**Data for this exercise:**
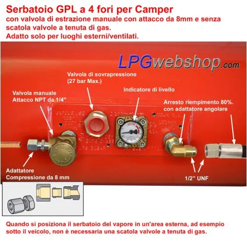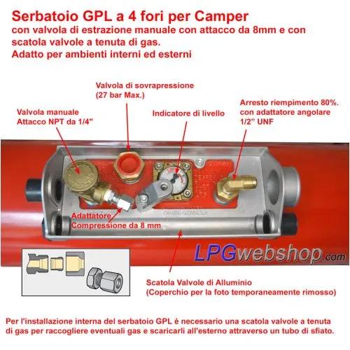 Questo serbatoio ricaricabile GPL Camper è dotato di 4 raccordi; un arresto di riempimento ricaricabile all'80% con valvola di non ritorno, una valvola di sovrapressione (valvola di sicurezza), una valvola di estrazione (a comando manuale o elettrico), un misuratore di livello con orologio. Un alloggiamento opzionale a tenuta di gas (scatola valvole) racchiude questi raccordi e può raccogliere eventuali perdite di gas.
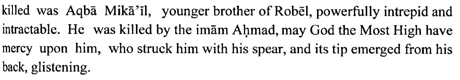 Aqba Mikaโil who was killed Imam Ahmed Gurey himself (Somali)
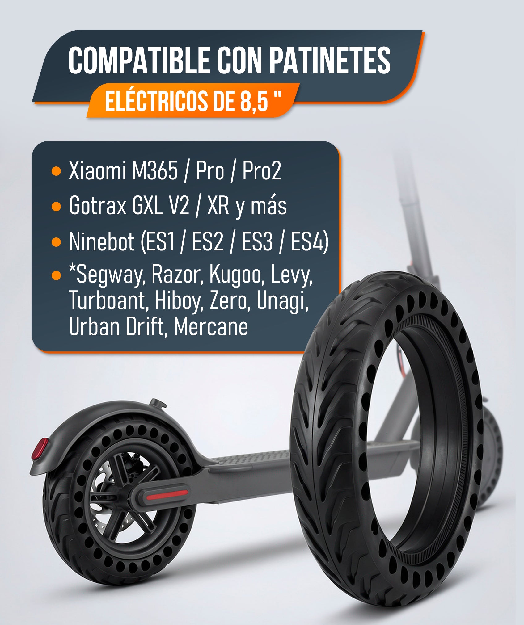 Diseñadas para patinetes eléctricos de 8,5'', como Xiaomi M365 / M365 Pro / Pro2, estas ruedas también se adaptan a otros modelos similares. Una solución versátil para renovar tu scooter.
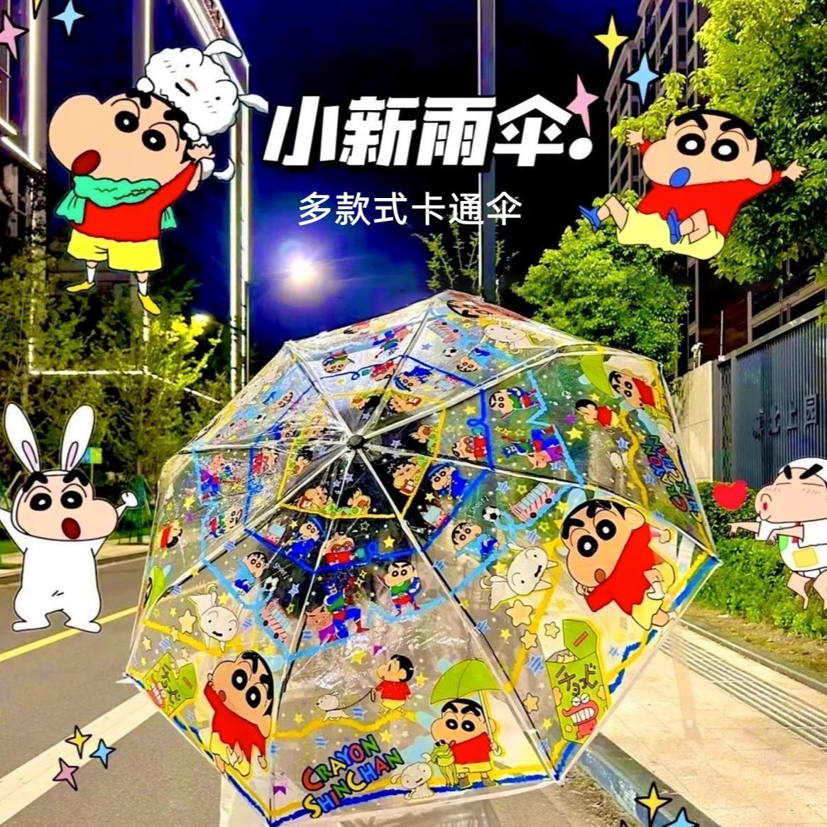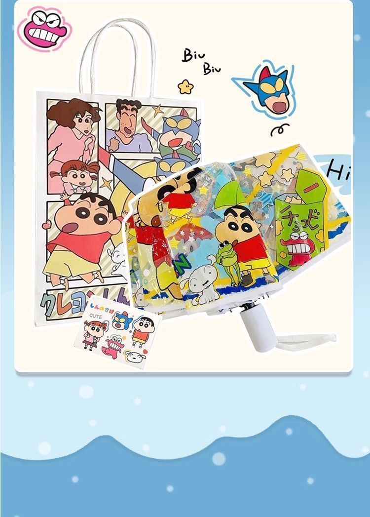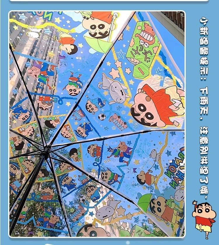 크레용신짱 투명 우산, 고급스러운 외관, 자동 개폐, 대형, 두꺼운 어린이 학생용 만화 접이식 우산 도매스토어 가기
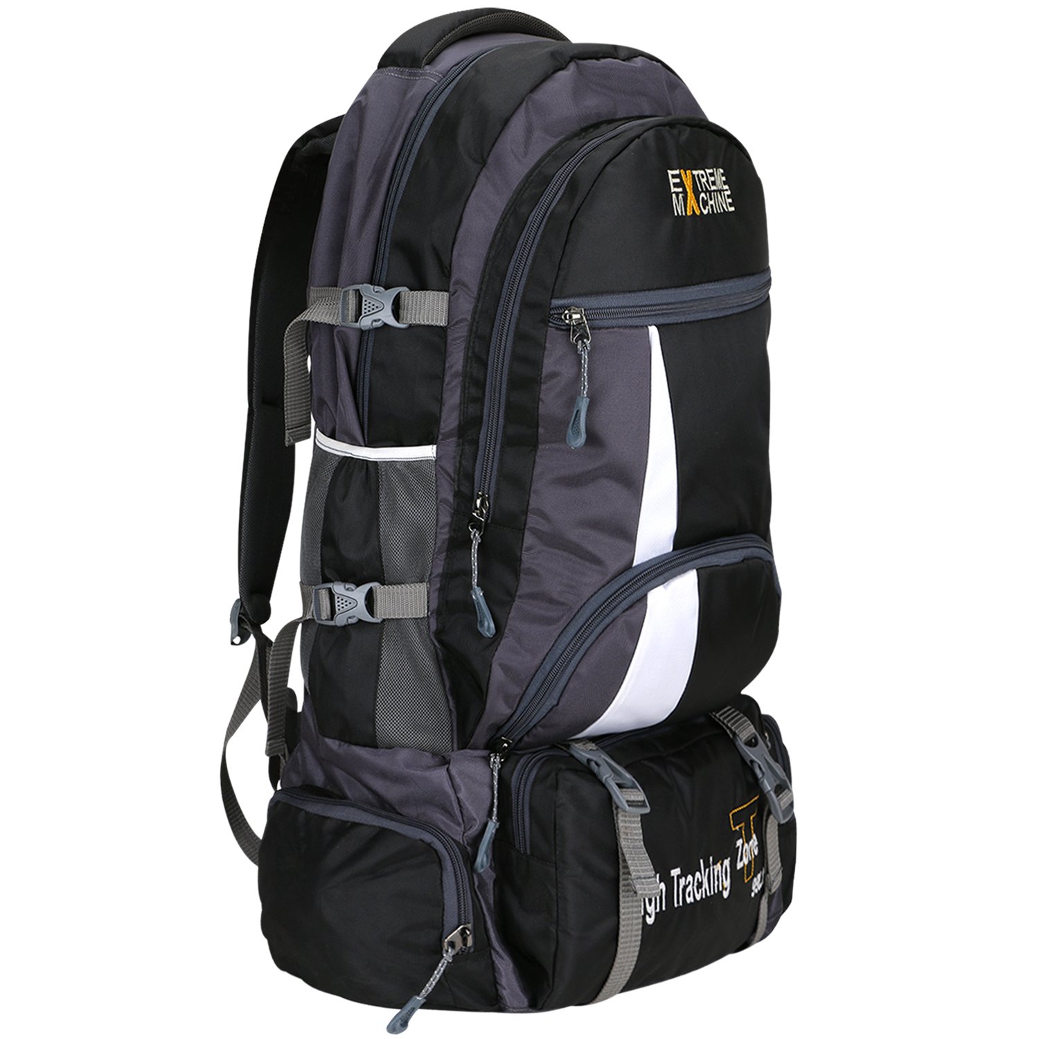 Crafted from high-quality, heavy-duty, water-resistant fabric, this trekking bag is built to handle tough outdoor conditions. It comes with a large main compartment and multiple zippered pockets for organized storage and quick access to important items.

**Exercise details:** Each line in the records above should be reproduced exactly; images are not copied.

**Completed task:**
 Questo serbatoio ricaricabile GPL Camper è dotato di 4 raccordi; un arresto di riempimento ricaricabile all'80% con valvola di non ritorno, una valvola di sovrapressione (valvola di sicurezza), una valvola di estrazione (a comando manuale o elettrico), un misuratore di livello con orologio. Un alloggiamento opzionale a tenuta di gas (scatola valvole) racchiude questi raccordi e può raccogliere eventuali perdite di gas.
 Aqba Mikaโil who was killed Imam Ahmed Gurey himself (Somali)
 Diseñadas para patinetes eléctricos de 8,5'', como Xiaomi M365 / M365 Pro / Pro2, estas ruedas también se adaptan a otros modelos similares. Una solución versátil para renovar tu scooter.
 크레용신짱 투명 우산, 고급스러운 외관, 자동 개폐, 대형, 두꺼운 어린이 학생용 만화 접이식 우산 도매스토어 가기
 Crafted from high-quality, heavy-duty, water-resistant fabric, this trekking bag is built to handle tough outdoor conditions. It comes with a large main compartment and multiple zippered pockets for organized storage and quick access to important items.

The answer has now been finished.